Pengurangan Kebutuhan
Qubit Secara Drastis
Penelitian yang melibatkan Ethereum Foundation dan Stanford
University memperkirakan bahwa pemecahan ECDSA hanya membutuhkan kurang dari
500.000 qubit fisik, turun 20 kali lipat dari estimasi awal 10 juta qubit. Dua
desain sirkuit disajikan: satu dengan di bawah 1.200 qubit logis dan 90 juta
operasi, serta yang lain di bawah 1.450 qubit logis dengan operasi lebih
sedikit, keduanya di bawah 500.000 qubit fisik. Tim sengaja tidak merilis
sirkuit serangan lengkap, melainkan zero-knowledge proof untuk verifikasi tanpa
memberi blueprint bagi penyerang.
Riset ini juga menyoroti kerentanan jangka panjang pada 6,9
juta BTC di dompet dengan public key terpapar, yang bisa memburuk akibat
upgrade Taproot 2021 yang menampilkan lebih banyak public key di blockchain.
Peringatan dan Target
Migrasi
Google menetapkan target internal 2029 untuk memigrasi
infrastrukturnya ke kriptografi post-quantum, mendesak ekosistem kripto global
ikut bergerak.

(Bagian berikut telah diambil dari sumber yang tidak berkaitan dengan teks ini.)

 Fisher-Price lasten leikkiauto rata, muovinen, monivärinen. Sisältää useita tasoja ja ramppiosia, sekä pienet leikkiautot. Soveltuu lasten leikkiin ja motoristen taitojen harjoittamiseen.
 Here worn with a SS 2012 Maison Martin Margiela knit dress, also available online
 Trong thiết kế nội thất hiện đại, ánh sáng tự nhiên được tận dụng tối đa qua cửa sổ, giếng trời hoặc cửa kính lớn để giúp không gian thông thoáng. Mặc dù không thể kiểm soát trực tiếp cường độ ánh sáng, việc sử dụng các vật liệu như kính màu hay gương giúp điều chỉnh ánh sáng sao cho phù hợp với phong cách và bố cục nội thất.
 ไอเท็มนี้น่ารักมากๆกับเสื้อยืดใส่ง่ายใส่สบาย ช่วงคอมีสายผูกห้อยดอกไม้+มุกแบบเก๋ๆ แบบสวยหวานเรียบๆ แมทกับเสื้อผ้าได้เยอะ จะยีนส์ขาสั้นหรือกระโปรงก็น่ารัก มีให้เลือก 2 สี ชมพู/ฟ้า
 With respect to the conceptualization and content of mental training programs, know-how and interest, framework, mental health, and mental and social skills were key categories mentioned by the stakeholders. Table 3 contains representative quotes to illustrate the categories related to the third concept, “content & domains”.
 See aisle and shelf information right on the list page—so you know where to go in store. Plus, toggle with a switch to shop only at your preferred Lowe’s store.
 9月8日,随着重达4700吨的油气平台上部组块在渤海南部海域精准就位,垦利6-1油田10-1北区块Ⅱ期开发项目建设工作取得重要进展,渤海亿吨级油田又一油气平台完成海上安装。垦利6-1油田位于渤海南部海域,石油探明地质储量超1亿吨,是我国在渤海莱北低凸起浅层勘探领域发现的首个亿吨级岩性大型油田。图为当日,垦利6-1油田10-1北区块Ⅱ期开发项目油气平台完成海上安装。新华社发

Justin Drake dari Ethereum Foundation memperingatkan peluang 10%
agar pada 2032 komputer kuantum bisa memulihkan private key secp256k1 dari
public key terpapar, menyebut "sekarang saatnya bersiap". Analis
Bitfinex menilai ini tantangan engineering nyata tapi bukan ancaman
eksistensial, karena fondasi kripto Bitcoin memang punya umur terbatas.
Langkah Pencegahan
yang Direkomendasikan
Whitepaper menyarankan transisi ke algoritma tahan kuantum,
rotasi kunci kripto, serta hindari reuse atau eksposur public key. Meski
komputer kuantum fault-tolerant masih bertahun-tahun lagi, timeline ancaman
kini dipadatkan menjadi hitungan tahun, bukan dekade. Di Indonesia, konferensi
internasional mendorong kolaborasi untuk kriptografi pasca-kuantum seperti
ML-KEM, ML-DSA, dan SLH-DSA yang disetujui NIST.
Di Gresik, kesadaran ini relevan mengingat pertumbuhan
adopsi kripto lokal; komunitas dan pelaku usaha disarankan mulai migrasi
proaktif demi keamanan aset digital.